L'annonce faite hier par la ministre des Ressources humaines Diane Finley nous éclaire enfin sur les transformations qui se préparent à l'assurance emploi, mais elle laisse encore trop de zones d'ombre et de place à l'interprétation.

Après des semaines de rumeurs alimentées par les déclarations contradictoires, le chat est sorti du sac. On ne se contente pas de réécrire la définition de «l'emploi convenable» - celui qu'un chômeur doit accepter sous peine de perdre ses prestations. On la rend conditionnelle à l'usage que celui-ci aura fait du système au cours des années précédentes. Plus le travailleur aura été «payant» pour le régime (cotisant longtemps et recevant peu de prestations), plus il aura du temps pour chercher un emploi équivalent à celui qu'il occupait. Les chômeurs moins méritants devront faire des compromis sur le salaire et le type d'emploi plus rapidement.

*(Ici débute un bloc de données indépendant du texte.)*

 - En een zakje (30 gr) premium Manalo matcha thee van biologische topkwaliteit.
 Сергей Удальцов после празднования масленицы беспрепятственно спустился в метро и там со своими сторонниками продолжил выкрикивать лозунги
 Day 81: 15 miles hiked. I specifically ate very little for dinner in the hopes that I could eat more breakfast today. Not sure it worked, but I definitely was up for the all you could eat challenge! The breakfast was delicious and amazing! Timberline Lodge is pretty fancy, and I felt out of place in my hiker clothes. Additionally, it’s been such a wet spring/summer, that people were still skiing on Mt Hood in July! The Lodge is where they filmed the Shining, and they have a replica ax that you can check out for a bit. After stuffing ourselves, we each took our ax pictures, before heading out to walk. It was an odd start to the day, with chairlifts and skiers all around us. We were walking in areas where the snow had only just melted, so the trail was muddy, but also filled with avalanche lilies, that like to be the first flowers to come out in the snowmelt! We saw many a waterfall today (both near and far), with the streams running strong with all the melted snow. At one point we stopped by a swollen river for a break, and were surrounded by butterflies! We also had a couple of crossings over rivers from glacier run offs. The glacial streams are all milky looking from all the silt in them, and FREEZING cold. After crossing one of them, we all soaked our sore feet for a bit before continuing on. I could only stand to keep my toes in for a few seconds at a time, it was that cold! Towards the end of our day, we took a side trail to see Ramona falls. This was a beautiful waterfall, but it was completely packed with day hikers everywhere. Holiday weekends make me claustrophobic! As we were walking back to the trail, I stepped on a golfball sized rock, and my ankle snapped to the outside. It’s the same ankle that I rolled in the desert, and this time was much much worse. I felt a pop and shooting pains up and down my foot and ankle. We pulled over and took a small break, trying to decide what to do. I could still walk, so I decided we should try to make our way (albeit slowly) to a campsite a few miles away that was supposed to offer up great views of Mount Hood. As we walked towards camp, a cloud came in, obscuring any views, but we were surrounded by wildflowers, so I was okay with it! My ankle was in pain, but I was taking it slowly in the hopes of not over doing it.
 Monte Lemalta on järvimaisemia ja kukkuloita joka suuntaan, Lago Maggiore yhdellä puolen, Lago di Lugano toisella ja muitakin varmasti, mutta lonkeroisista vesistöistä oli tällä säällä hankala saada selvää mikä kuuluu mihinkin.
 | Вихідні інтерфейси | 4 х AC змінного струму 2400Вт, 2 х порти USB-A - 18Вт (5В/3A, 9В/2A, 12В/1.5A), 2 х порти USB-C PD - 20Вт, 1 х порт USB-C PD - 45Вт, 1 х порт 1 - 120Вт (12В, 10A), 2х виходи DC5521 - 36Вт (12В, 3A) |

Un travailleur spécialisé, comme un ingénieur, un enseignant ou un opérateur de machinerie, ne sera pas obligé d'accepter un emploi qui ne correspond pas à ses compétences, a indiqué la ministre Finley. N'empêche, malgré ses précisions et celles de ses fonctionnaires, on n'est pas encore en mesure de dire au public à quoi s'attendre exactement. Il faudra voir les règlements et, surtout, l'interprétation qui en sera faite aux guichets de l'assurance emploi.

Cette distinction entre trois classes de chômeurs, et les différences de traitement qu'elle leur impose, représente un changement majeur au programme. Nous avons cependant de gros doutes sur son utilité.

Avons-nous un problème national de chômeurs qui refusent de bons boulots pour pouvoir se la couler douce sur le bras de l'assurance emploi? Si c'était le cas, ces resserrements se justifieraient. Mais dans l'état actuel des choses, c'est inutilement punitif. La prospérité de l'économie si chère à l'administration Harper nécessite que les Canadiens occupent de bons emplois. L'assurance y contribue en leur donnant le temps de se replacer lorsqu'ils se retrouvent au chômage. S'ils n'y sont pas parvenus à la fin de leurs prestations, alors oui, il sera temps d'envisager un recul. D'ici là, on a intérêt à les soutenir, et non à les court-circuiter, dans leur recherche.

Le travail saisonnier? Oui, on peut se demander si l'assurance emploi est la meilleure façon d'aider, non pas seulement des travailleurs, mais des industries et des régions entières, comme c'est le cas actuellement. La ministre, toutefois, ne propose rien pour changer cette dynamique. Les modifications annoncées se bornent à mettre de la pression sur les chômeurs.

Quant à diminuer le recours aux travailleurs immigrants temporaires, un des principaux objectifs de cette réforme, il ne faut pas oublier que le système actuel fait l'affaire de bien des employeurs. Plusieurs ne trouveraient pas leur compte dans la main-d'oeuvre locale.

Bref, à part se montrer plus tatillon envers ceux qu'il est censé aider, on voit mal ce que changera ce nouveau régime.